Поведал мне шепотом как тайну, которую можно сообщить не всякому, а избранным:

– Очень интересно. И ты наверняка не знаешь. Представь себе, как это ни странно, а Маркс был порядком неравнодушен к аристократам. Абсолютно достоверно. Георг Адлер заострил на этом внимание, писал, что Маркс смеется над глупцами, которые набожно повторяют катехизис пролетариев. Смеется и изгиляется над всем миром. Единственно, кого он искренне, всем сердцем уважал, это аристократов, больших аристократов, с гордым сознанием своей значимости.

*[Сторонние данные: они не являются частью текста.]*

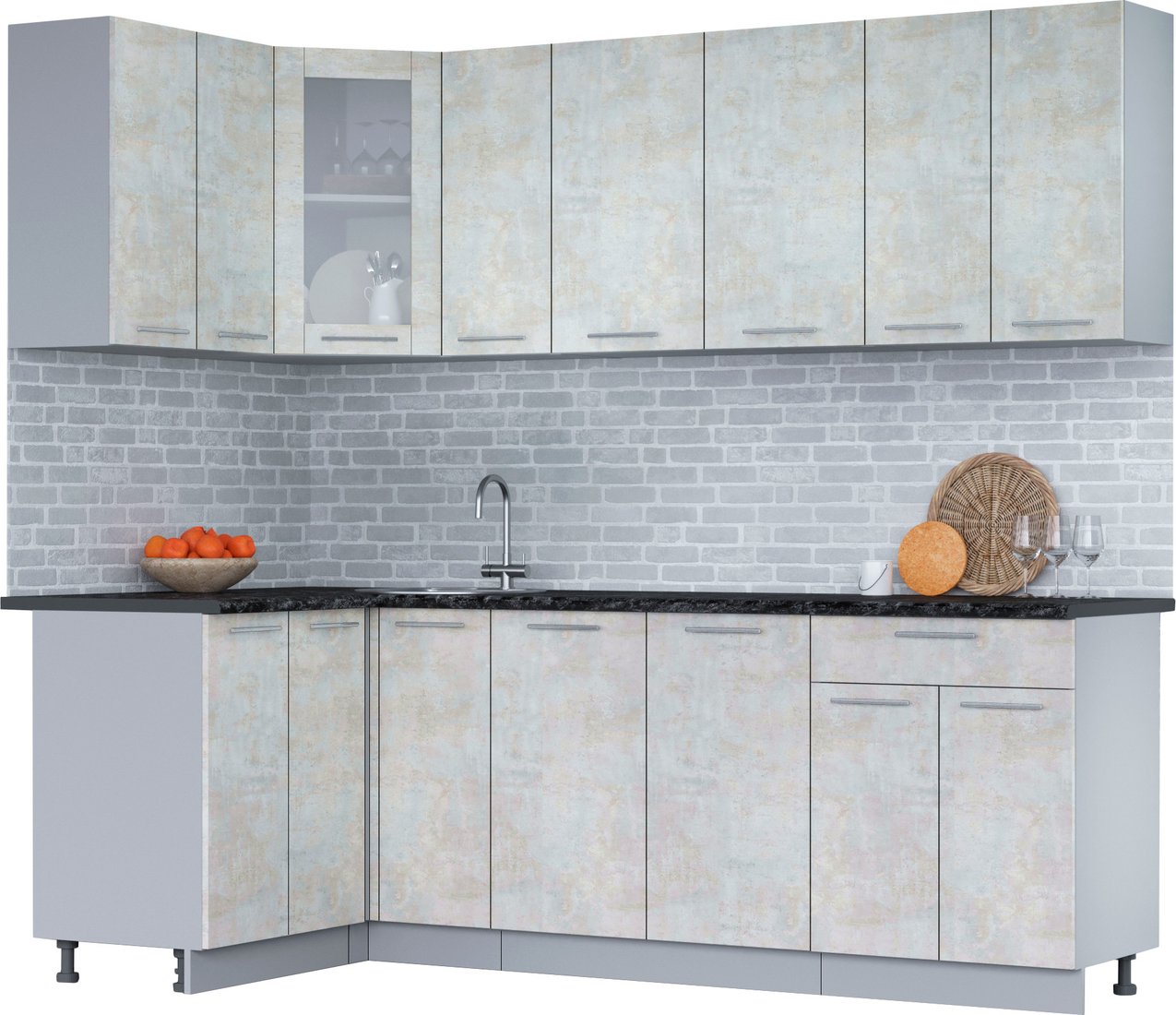 Готовая кухня Интерлиния Мила 12x23 (бетон лайт/бетон лайт/кастилло темный)
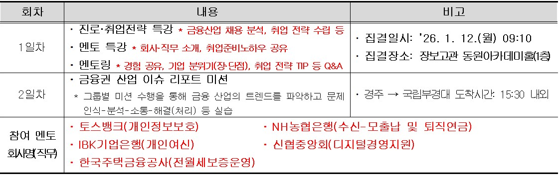 <부경커리어멘토단 멘토링 캠프(금융권) 프로그램 신청 안내>
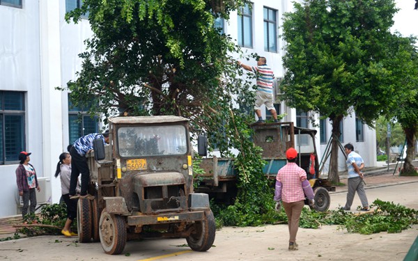 對校園內(nèi)的倒樹殘枝和散落垃圾進行清理

А Адлер весомый, самый почтенный биограф и свидетель.

Опять Бирон получил "ящик" из дома с разной питательной всячиной, режет сало, откладывает солидный кусок. Все разумеют: для маршала.

– Богатый харч, буржуйский,– пуляет Яшка Желтухин.

– А, друг мой ситный, старшой, а чего тебе жена не пришлет? – смеется Бирон.– Небось, бросила. Завела молодого, чекиста? Шуры-муры. Правильно сделала, что такого остолопа бросила.

Но Яшка Желтухни не клюет на обидные, задиристые подначки Бирона, свернул подобострастную, прохиндейскую улыбочку, глазами кнокает сало. Он понимает, что это не про его честь, а для бригадира, но нет силенок убрать в сторону непослушные глаза. Бирон пошукал по сусекам, где-то в наволочке, полной продуктами, нащупал гранат, извлек, поиграл им, как мячиком, пустил заковыристое про арбуз, который на солнце любит зреть, а затем нежданно протянул опупевшему Яшке: «На, тупица!»На воле, в дождливой, неважной, вшивой Вологде да на фронте Яшка не только не видел, но и слыхом не слышал о таком фантастическом чудо-фрукте, как гранат. Что за зверь? С чем его едят? Поди, вкусен же, гад! И абсолютно немыслимо, чтобы это библейское, потрясное чудо природы свалилось ему прямо в рот, здесь в Каргопольлаге, на комендантском ОЛПе. Не поверил Яшка свалившемуся счастью и, как фраер, что первый день в лагере, прогнусавил: «Не шуткуй так». Строго очень молвил. Отвернулся было от граната, с надломом произнес «не шуткуй», но жлобливая, оглоедская рука, а значит, и душа, поскользнулись в иной пошиб, раскатали нос: рука сама собой потянулась за вожделенным фруктом, а Бирон не мешкая убрал гранат за спину, притом фик-фок провел ловко, как завзятый, заправский фокусник, в последний момент отвел руку, когда всем, в том числе и Яшке, мерещилось, что дело в шляпе, экзотический фрукт уже его собственность и может быть уестествлен.

– Это уж как тебе будет угодно,– резон давит Бирон, пряча гранат за спину.– Не соблаговолил, упрашивать не намерен. Как знаешь. Была бы честь предложена, а слопать витаминчик и я горазд. Эх, эликсир жизни. Амброзия. Думал, ты будешь. Гордый ты, Яшка. Не по чину горд. Ложная гордыня до добра не доведет.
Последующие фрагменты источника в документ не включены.